Research into the impact of offering GPs direct access to diagnostic tests suggests that contrary to fears over misdiagnosis and over-referrals, GPs get it right and improve patient care.

The analysis was commissioned by PCTs 'to demonstrate the usefulness of direct access to diagnostic tests' and led by InHealth, a private provider of testing facilities at the London NHS Diagnostic Services, to which GPs can directly refer patients for community-based diagnostic tests.

The audit of 800 patients directly referred by their GP between March 2009 and March 2010 for a MRI, ultrasound scan or echocardiogram found only 29% were referred on to a specialist after they received an abnormal report. 71% of patients were managed in primary care by GPs given appropriate guidance.

The study will be submitted to the RCGP and the Royal College of Radiologists, who are currently developing the initiative for increasing the access to diagnostic imaging for primary care.
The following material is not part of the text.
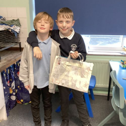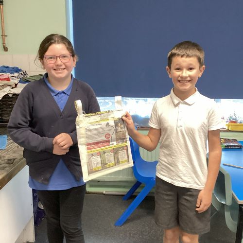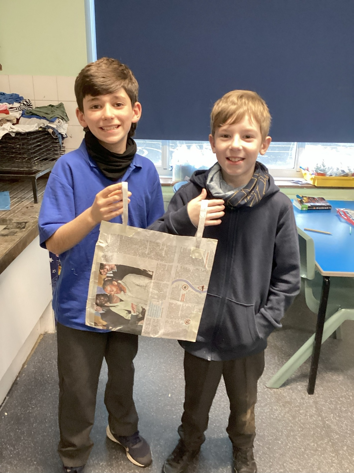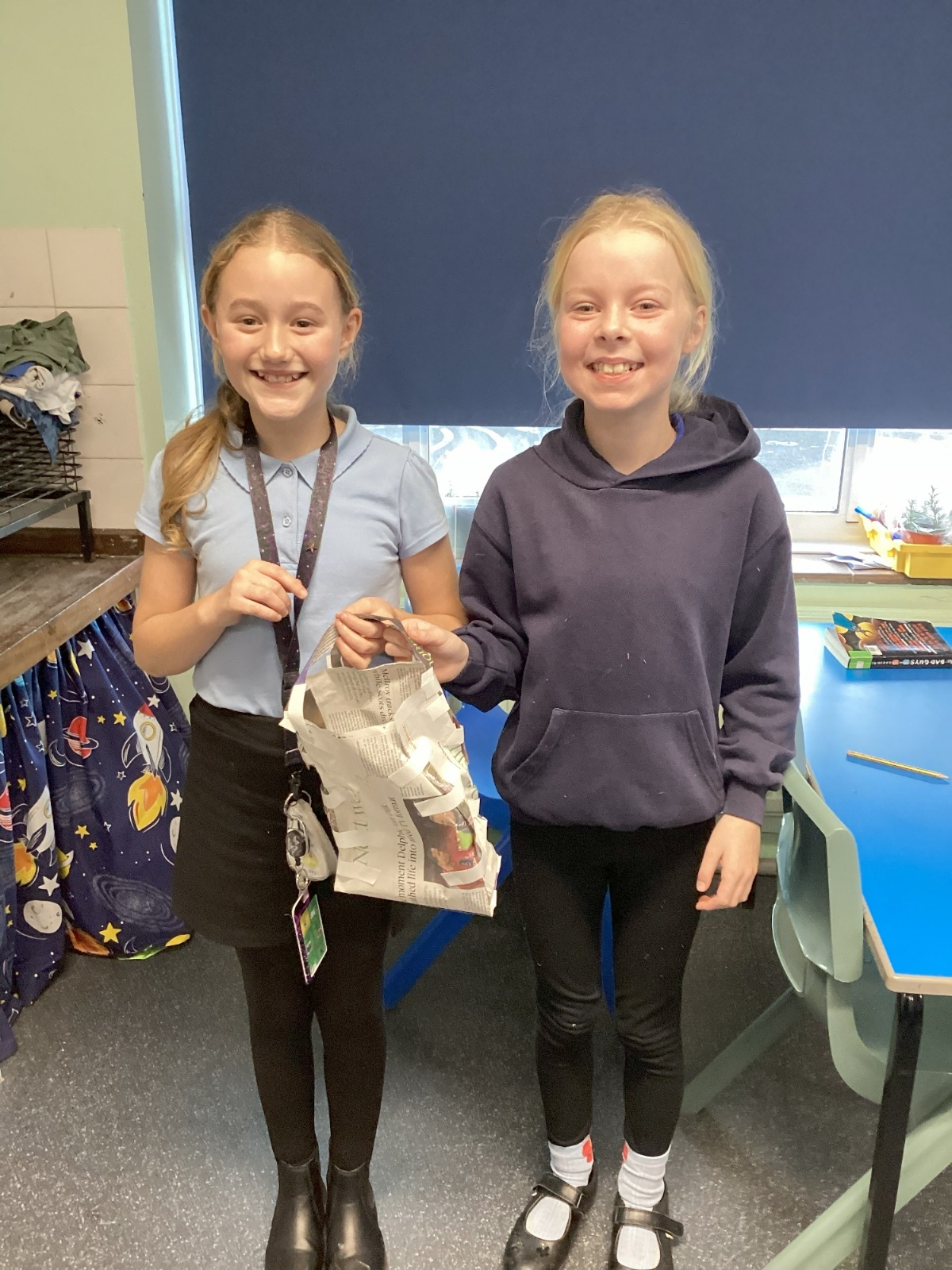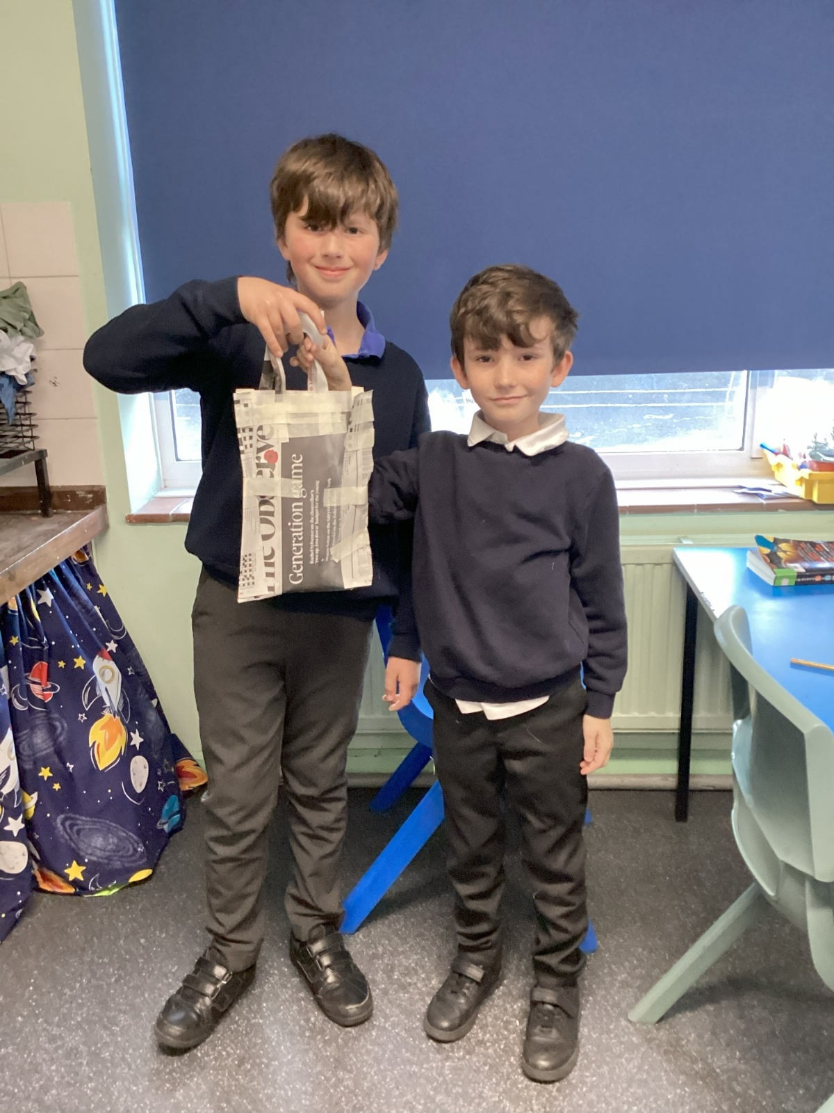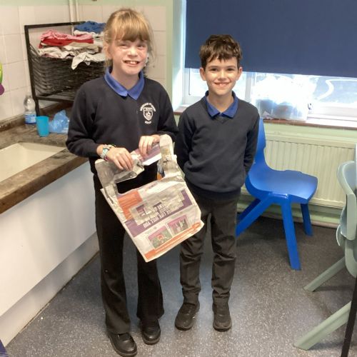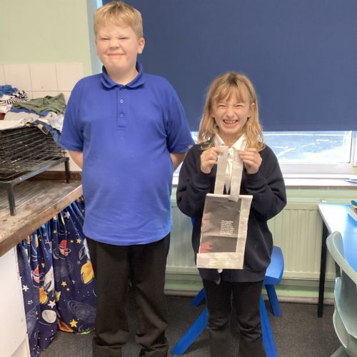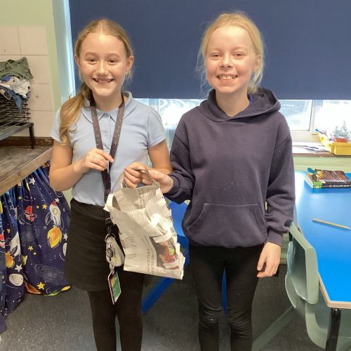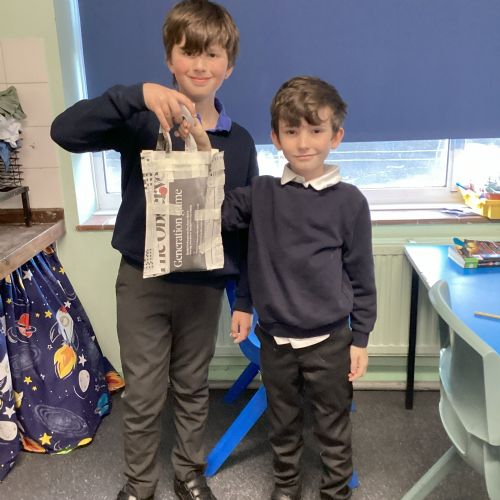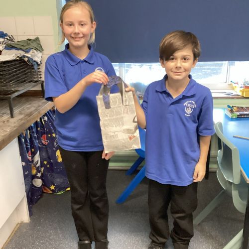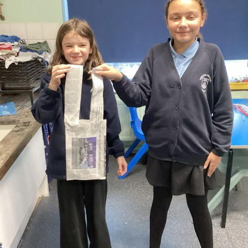 Our challenge was to turn a single sheet of newspaper into a bag. We thought carefully about our designs and how we were going to make them strong. We tested our bags by seeing how many pencil crayons they would hold, then pushed them to their limits with our reading books. Not only was it great fun, but it made us really think about how bags are designed in order to fulfil their purpose.

Dr Sarah Wilson, medical director at InHealth, concluded: 'The quality of referrals was high with the right test being requested for the right clinical indications for patients who could appropriately be seen in a community setting.'

The findings were supported by Dutch research, published in the June issue of the British Journal of General Practice, which found direct GP access to ultrasound 'contributed to more accurate diagnoses and improved GPs' management of women with abnormal vaginal bleeding'.

The study, of 122 women referred by 18 GPs to a specialist centre in Amsterdam between June 2003 and December 2004, found the ultrasound confirmed GPs' diagnosis in 77% of cases with no structural pathology and 59% of patients referred for suspected fibroids.